**Action item:** Reproduce, please, the line that holds "Optional: strip the" and all later lines through the end of the entries below, exactly; omit pictures.

**Provided entries:**
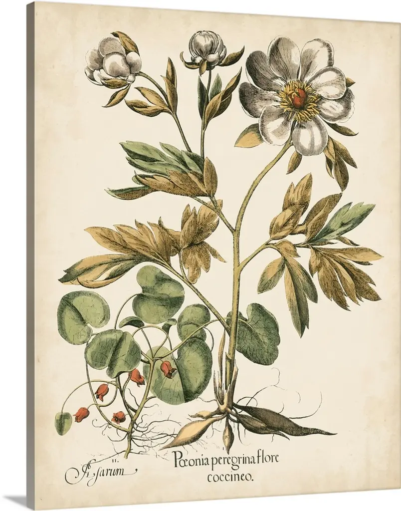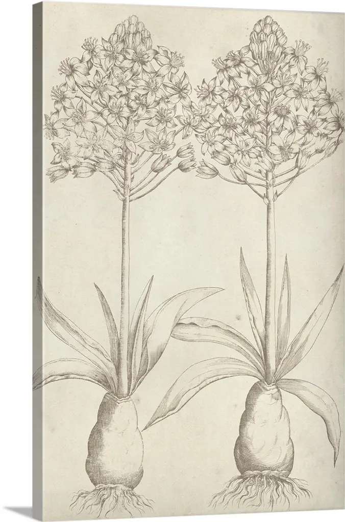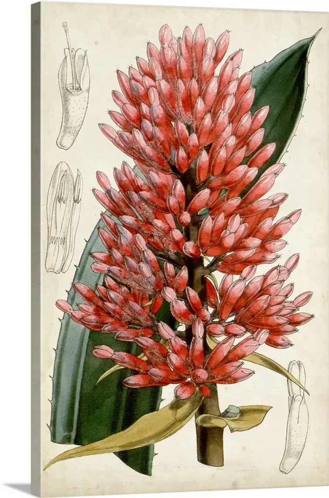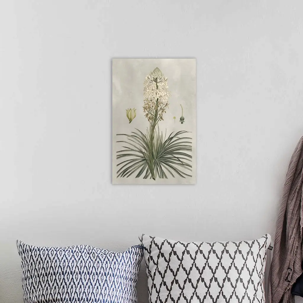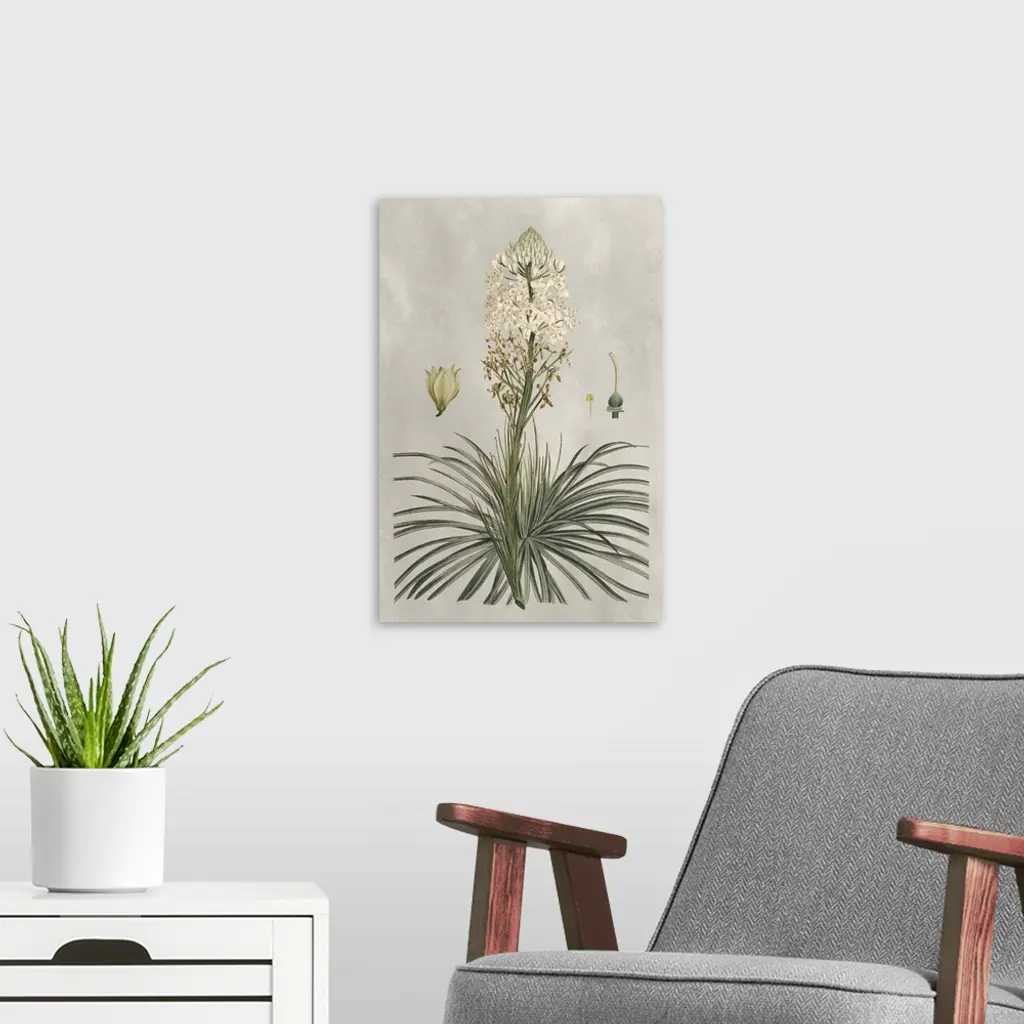 Illustrated tropical botanicals in shades of green, yellow, and cream on a gray background.
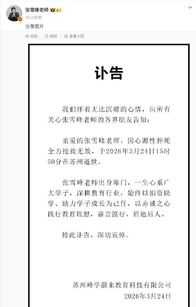 3月24日,教育领域标志性人物张雪峰因心源性猝死,经全力抢救无效在苏州离世,生命永远定格在41岁。
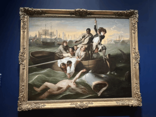 Copley modeled Watson’s figure on the statue of the Borghese Gladiator, aligning with neoclassical aesthetics commonly found in 18th-century art. Curiously, the painter had never seen a shark. His anatomically incorrect rendering—with forward-facing eyes, nostrils emitting air and oddly anthropoid lips—was likely based on second-hand descriptions. The harpoon, pointed at the beast’s maw, could function as an instrument of rescue or an assertion of mastery over nature and the alleged primitive.
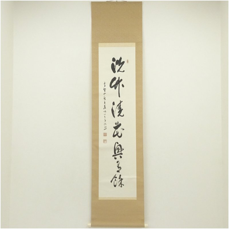 高野山 高峰秀海筆 七字一行書 肉筆紙本掛軸(保護箱) [14-250918c-001a]
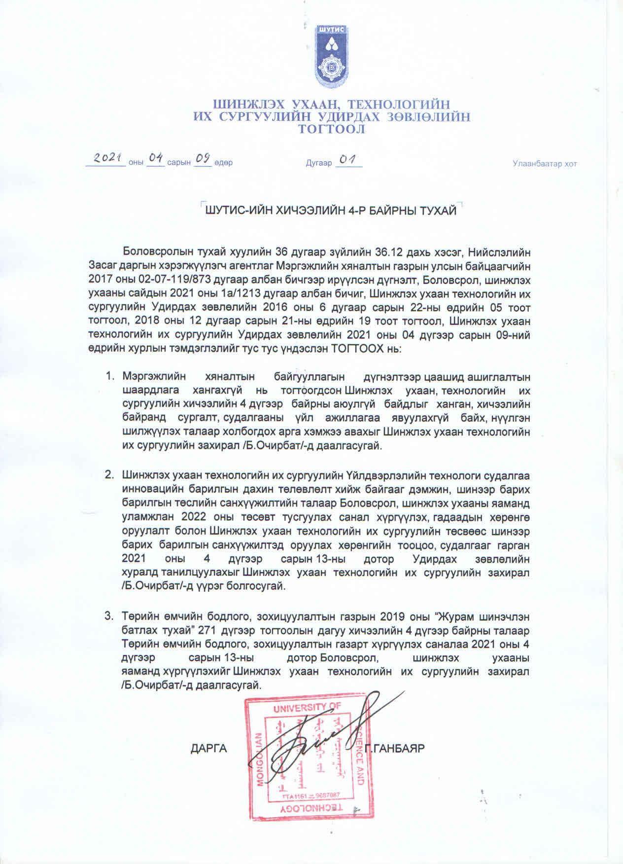 Манай ШУТИС 20 мянга гаруй оюутан, хоёр мянга гаруй багш ажилтантай том сургууль. Хичээлийн байр хүрэлцээ маш муу байдаг. Ийм байхад манай сургуулийг Худалдаа аж үйлдвэрийн дээд сургуулийн байр луу нүүж, нэг жил гаруй хугацаанд түрээсэлж үйл ажиллагаа явуул гэсэн. Гэтэл Худалдаа аж үйлдвэрийн сургууль “Байраа бүрэн чөлөөлөх боломжгүй. Зөвхөн гурав, дөрөвдүгээр давхрыг ашиглаж болно” гэсэн. Үнэндээ тэр сургуулийн барилгыг бүхэлд нь түрээслээд ч манай сургуулийн оюутан, багш нарт хүрэлцэхгүй шүү дээ. Багтаамжийн хувьд яагаад ч боломжгүй. Цаашид бид яг яах ёстой юм, бүү мэд. Одоо үндсэндээ энэ газарт сургуулийн үйл ажиллагаа явуулахгүй гэсэн бичиг гаргаад, барилгыг нураахад л энэ сургууль очих газаргүй болж байгаа юм.
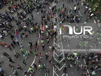 In Jakarta, Indonesia, on May 20, 2025, hundreds of online transportation partners hold a demonstration in the Horse Statue area, Central Jakarta. They demand that online transportation application makers in Indonesia reduce the fee deduction from 30% to 10%, as they find it burdensome.
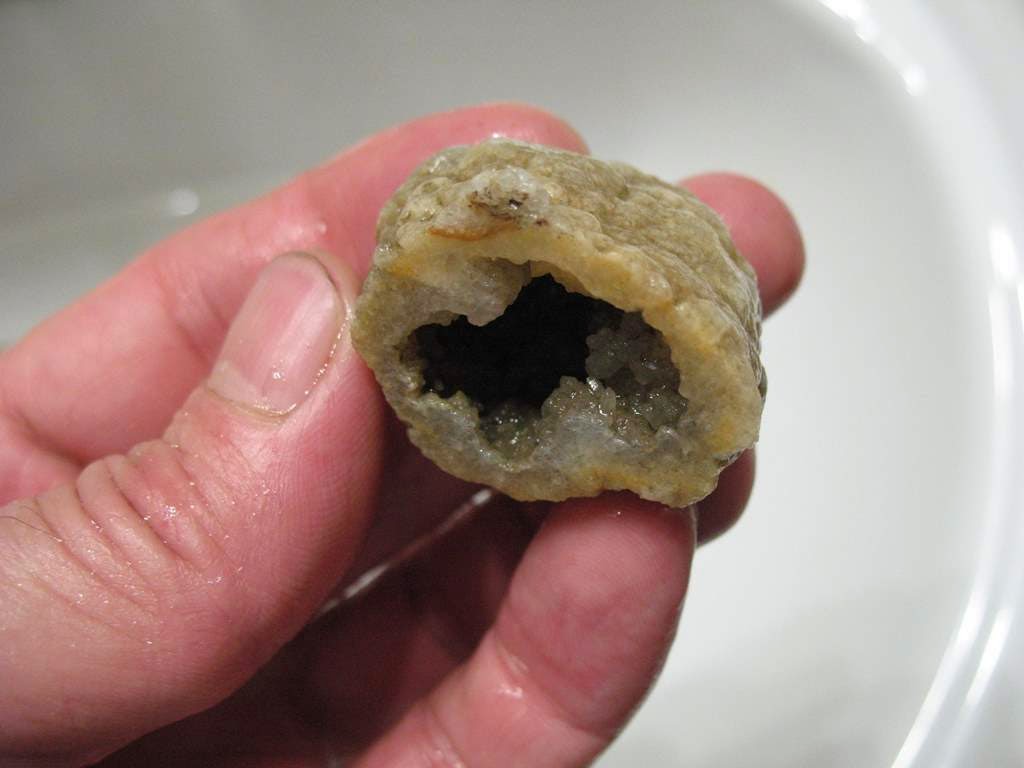 Надо было бы резать в длину. Кристаллики внутри никакие. Какие то корявые и не полноценные. В лупу можно рассмотреть кристаллы кварца двухголовики, но повторюсь не очень хорошего качества. Кварц жеода ( quartz Geode ).
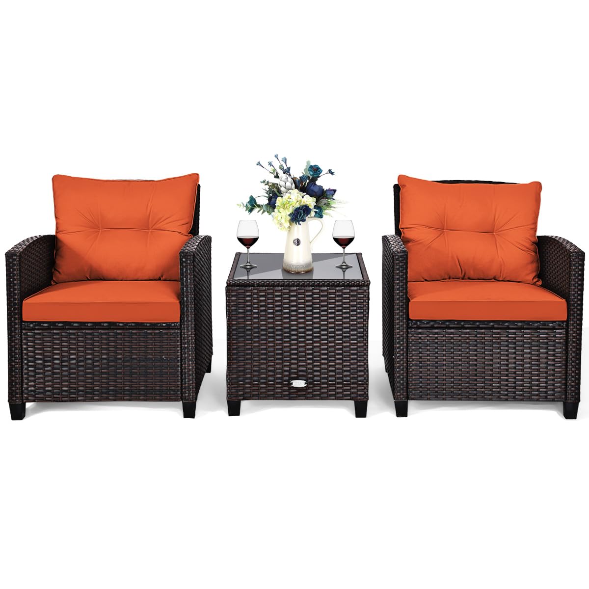 Tangkula 3 Pieces Patio PE Wicker Furniture Set with 4 Bonus Cushion Covers
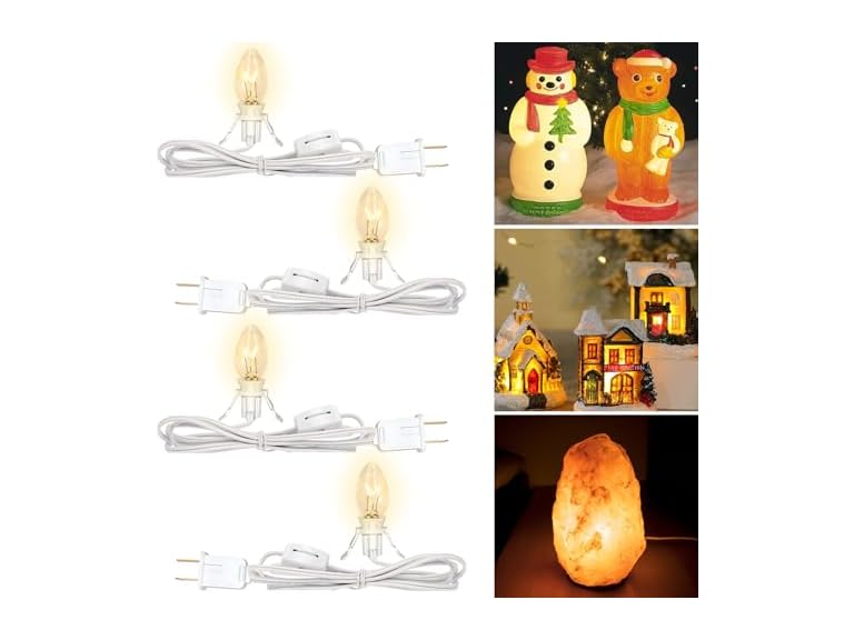 - (1) Olixmlya 4 Pack Accessory Cord with Light Bulb, 6Ft Accessory Cord with C7 Bulb Village Light Bulbs with On/Off Switch Plugs C7 Village Light Cord for Christmas Craft House Village Salt Lamp Decor
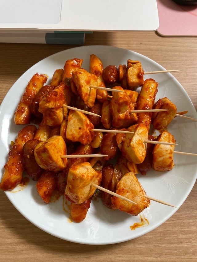 먼저 마늘과 파를 볶아 파기름을 낸후 고추장 고추가루 간장 설탕 사과쨈등을 넣고 양념을 볶은후 닭가슴쌀 썬것과 떡 소세지등을 넣어 함께 볶아 꼬치에 끼워 먹어요~건강식이라 생각하며 ㅎㅎ
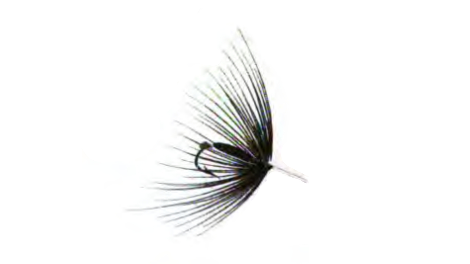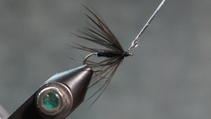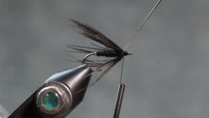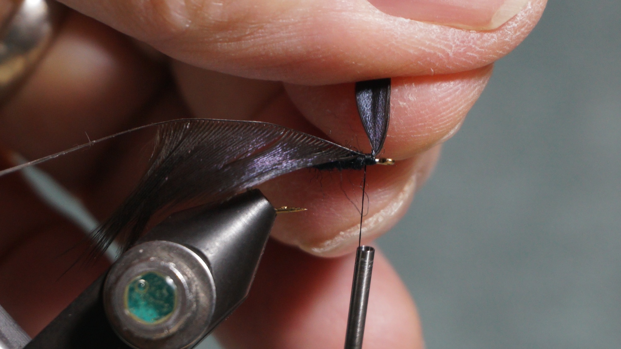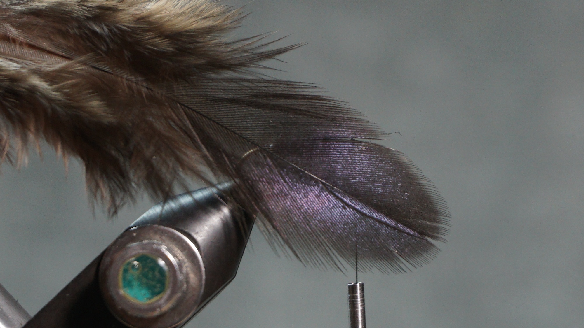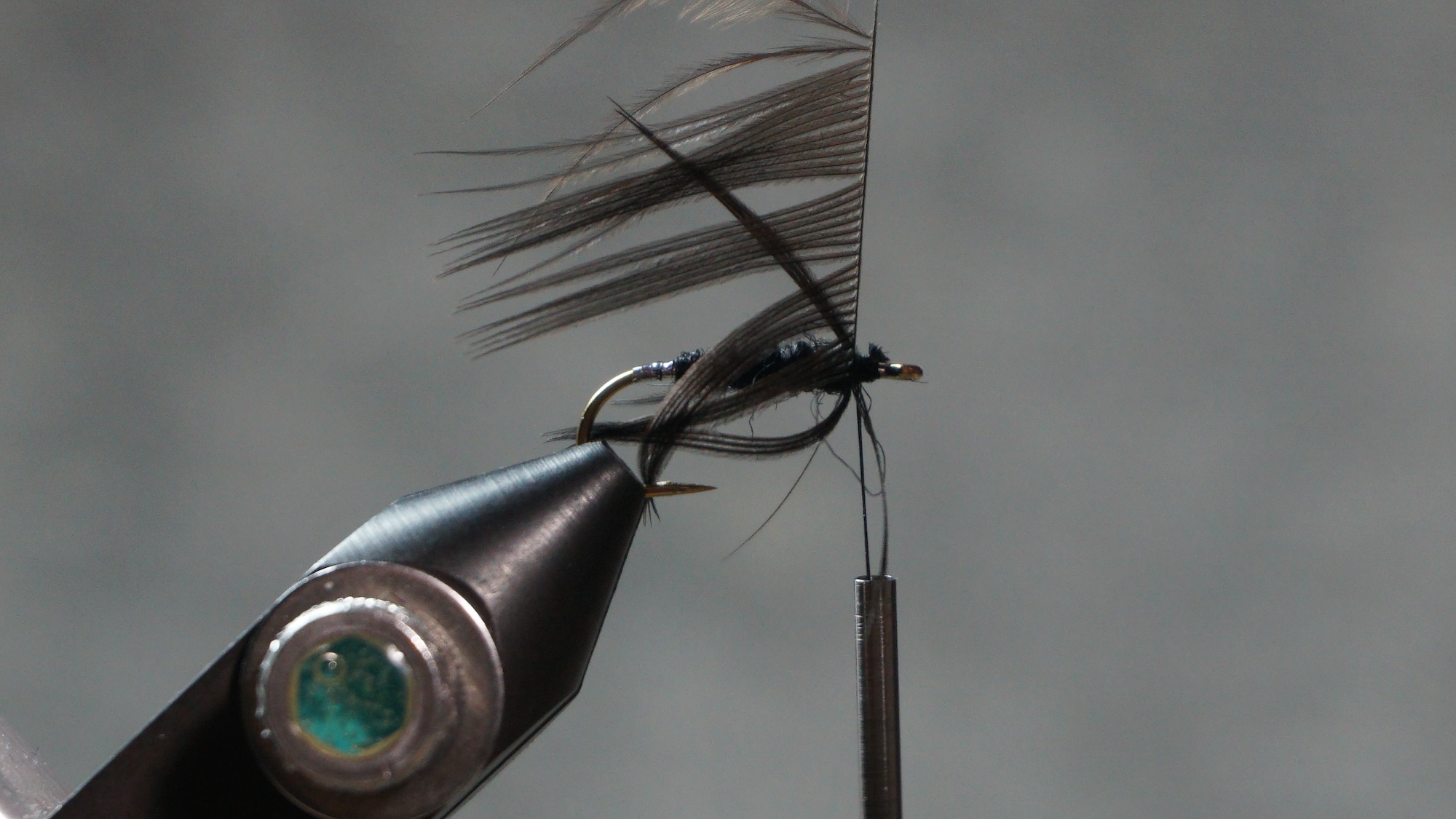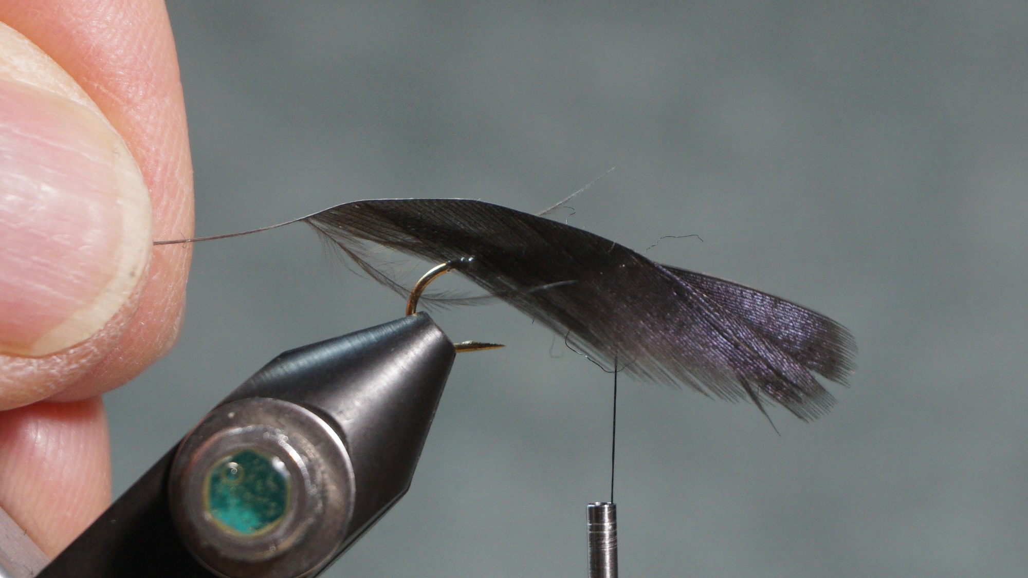 Optional: strip the “top” side of a black hen hackle, doing so can make wrapping the hackle easier.
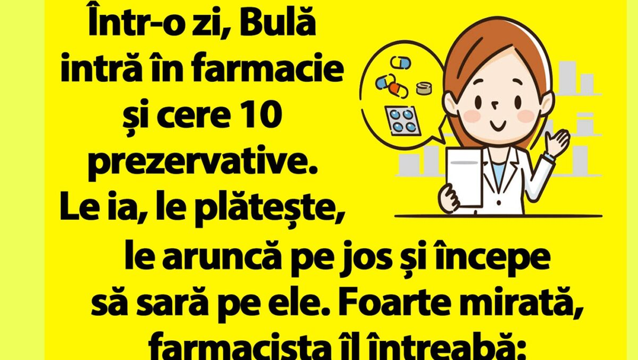 „Într-o zi, Bulă intră în farmacie și cere 10 prezervative. Le ia, le plătește, le aruncă pe jos și începe să sară pe ele. Foarte mirată, farmacista îl întreabă:
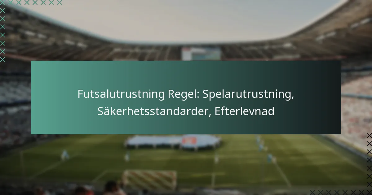 Futsalspelare måste följa specifika krav på utrustning för att säkerställa säkerhet och efterlevnad under matcher. Nyckelkomponenter inkluderar lämpliga skor, benskydd, uniformer och ytterligare skyddsutrustning, som alla måste uppfylla fastställda standarder.
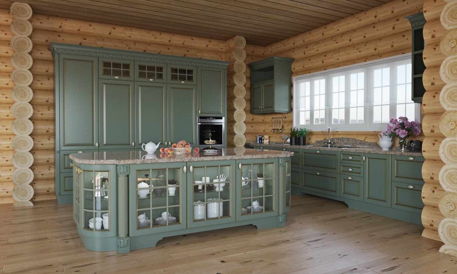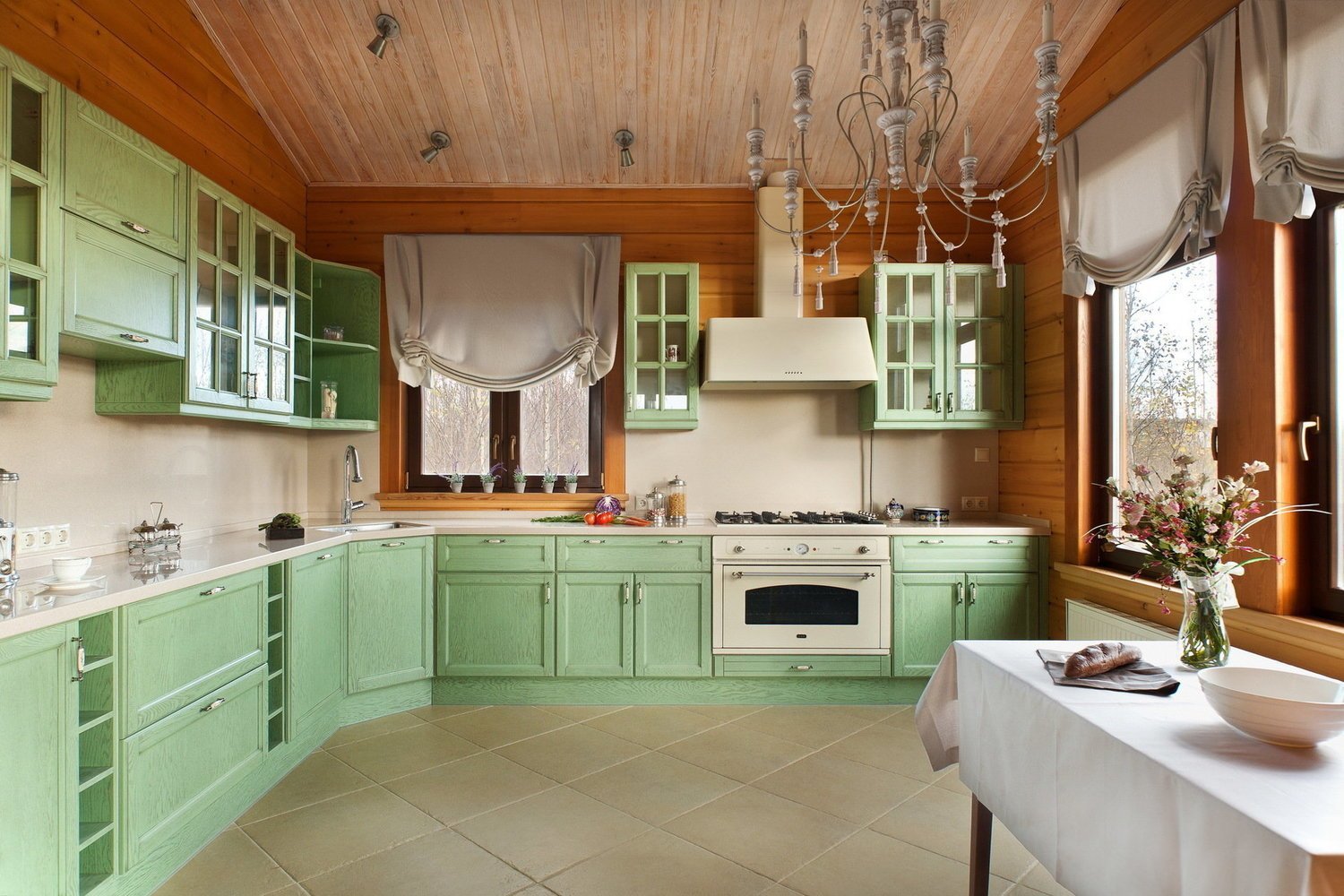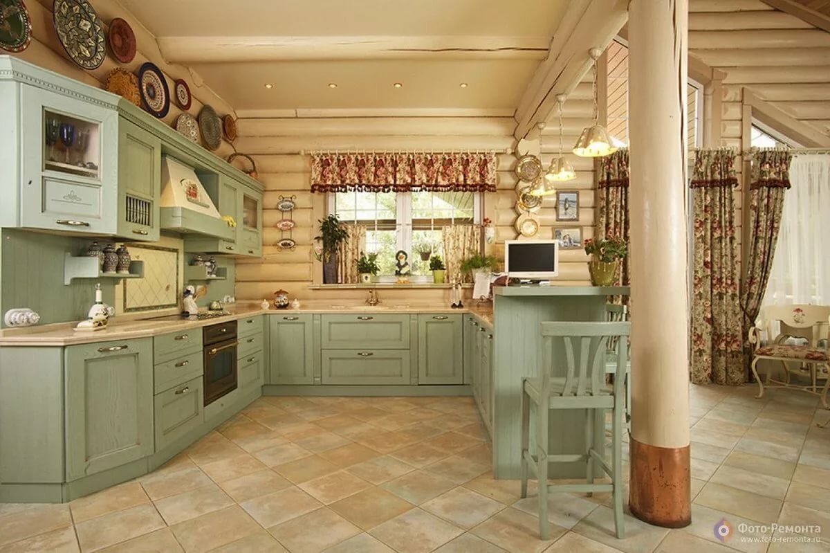 Кухни в стиле Прованс в срубовом доме

**Reply:**
 Optional: strip the “top” side of a black hen hackle, doing so can make wrapping the hackle easier.
 „Într-o zi, Bulă intră în farmacie și cere 10 prezervative. Le ia, le plătește, le aruncă pe jos și începe să sară pe ele. Foarte mirată, farmacista îl întreabă:
 Futsalspelare måste följa specifika krav på utrustning för att säkerställa säkerhet och efterlevnad under matcher. Nyckelkomponenter inkluderar lämpliga skor, benskydd, uniformer och ytterligare skyddsutrustning, som alla måste uppfylla fastställda standarder.
 Кухни в стиле Прованс в срубовом доме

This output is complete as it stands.